So, I have converted it to a GPathResult
via new XmlSlurper().parseText(this.GetNewMessage(folderName))
. Now what?
The sign-up link I need, I know I could access it via this xpath selector //a[.//div[@class = 'sign-mail-btn-text']]
if this HTML were in my actual browser....
....but how do I go about using that xpath on my GPathResult
?
@albciff answered my original question, but I decided to go a different direction. This may interest those of you that want to use full-blown XPath to get your results.

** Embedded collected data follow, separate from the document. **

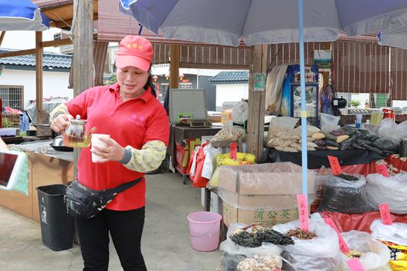 村民陸秀媚的攤位琳瑯滿(mǎn)目,擺得滿(mǎn)滿(mǎn)當(dāng)當(dāng)。求是記者 張芯蕊 攝
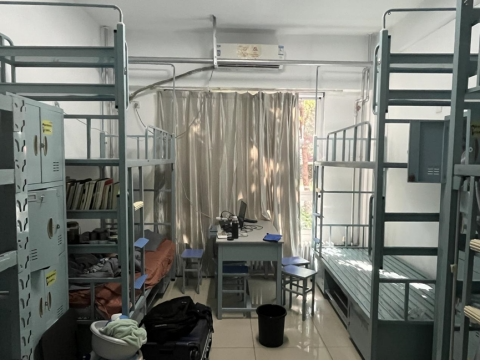 研究生的宿舍一般为四人间,暖气、空调一应俱全。每个床位下面都有一张学习桌,学习桌的墙面上三到四个插头,学习桌自带架子,可以用于放置书本等;并且学习桌旁边有专门放置衣服杂物等物品的柜子。
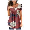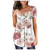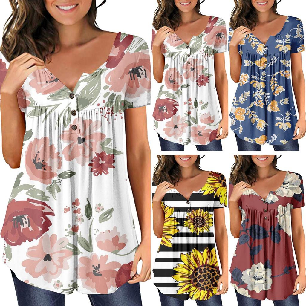 Damen-Pullover, lässig, modisch, Übergröße, bedruckt, kurzärmelig, Knopfleiste, V-Ausschnitt
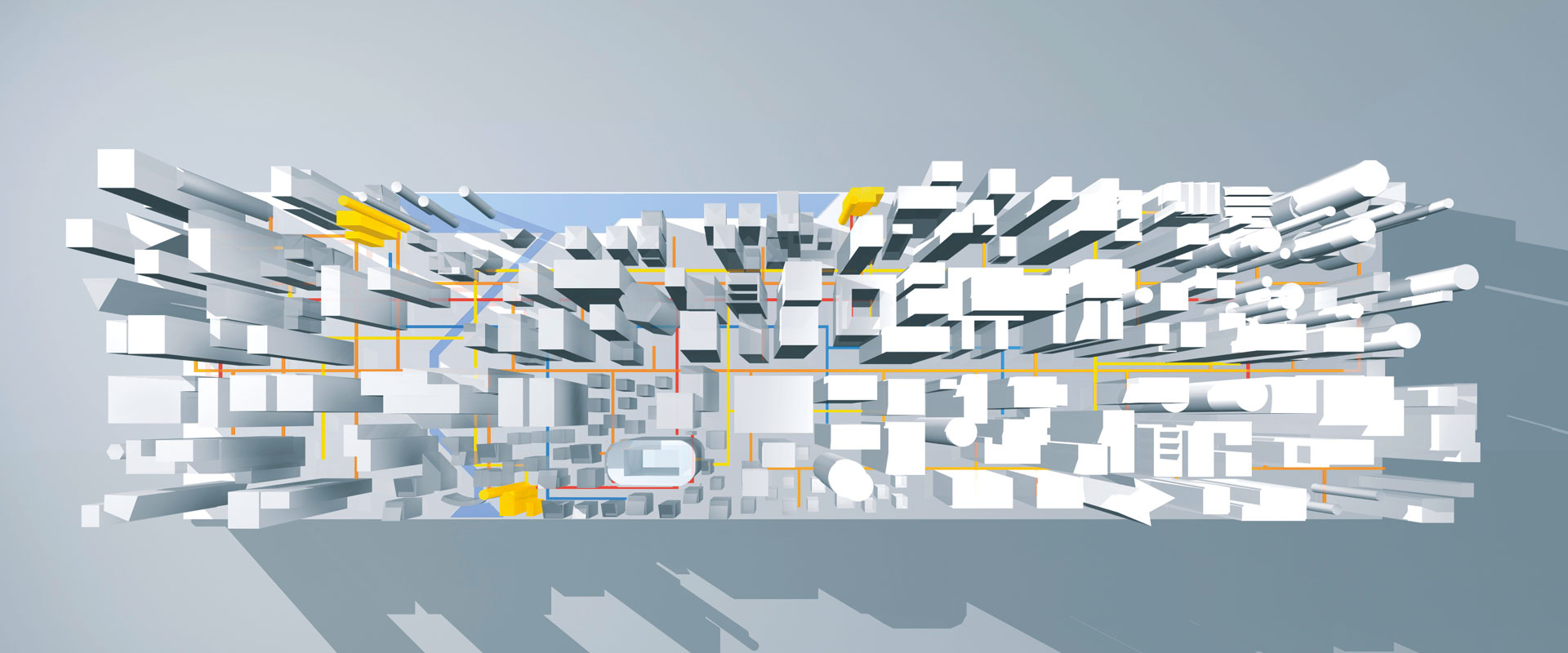 Durch die vertikale Anbringung nimmt das Modell bei riesenhafter Ausdehnung kaum Platz in Anspruch. Die Einzelelemente des Modells sind nicht rechtwinklig kubisch angelegt, sondern zentralperspektivisch verzerrt gebaut. Dieses Modell kann interaktiv befragt werden. Der Messebesucher kann von einem Terminal aus mehrere Parameter beeinflussen: Konventionelle contra erneuerbare Energie-Erzeugung, zentrale contra dezentrale Energie-Versorgung und niedriger contra hoher Gebäude-Standard. So können die Faktoren Wirtschaftlichkeit, Emission und Kapazität unterschiedlich verteilt werden. Es lassen sich drei Idealszenarien darstellen.

Also, I realized that I could go one step further with the XPath and get the actual URL. Here's what I came up with:
import javax.xml.parsers.DocumentBuilderFactory
import javax.xml.xpath.XPathFactory
import org.w3c.dom.Element
import com.kms.katalon.core.model.FailureHandling
import com.testwithhari.katalon.plugins.Gmail
public final class SMDEmailUtils {
// ... email util methods and static flags here...
// ... more email util methods here...
/**
* **NOTE**: forked from https://stackoverflow.com/a/2269464/2027839 , and then refactored
*
* Processes HTML, using XPath
*
* @param html
* @param xpath
* @return the result
*/
public static String ProcessHTML(String html, String xpath) {
final String properHTML = this.ToProperHTML(html);
final Element document = DocumentBuilderFactory.newInstance()
.newDocumentBuilder()
.parse(new ByteArrayInputStream( properHTML.bytes ))
.documentElement;
return XPathFactory.newInstance()
.newXPath()
.evaluate( xpath, document );
}
private static String ToProperHTML(String html) {
// SOURCE: https://stackoverflow.com/a/19125599/2027839
String properHTML = html.replaceAll( "(&(?!amp;))", "&" );
if (properHTML.contains('<!DOCTYPE html'))
return properHTML;
return """<!DOCTYPE html PUBLIC "-//W3C//DTD XHTML 1.0 Strict//EN"
"http://www.w3.org/TR/xhtml1/DTD/xhtml1-strict.dtd">
<html>
<head></head>
<body>
${properHTML}
</body>
</html>
""";
}
}
Then, in my use case, another method on the class, I pass that html in like:
public static String ExtractSignUpLink() {
final String folderName = this.GetNewMessageFolderName(30, FailureHandling.STOP_ON_FAILURE);
return this.ProcessHTML(this.GetNewMessage(folderName), "//a[.//div[@class = 'sign-mail-btn-text']]/@href");
}
and it works!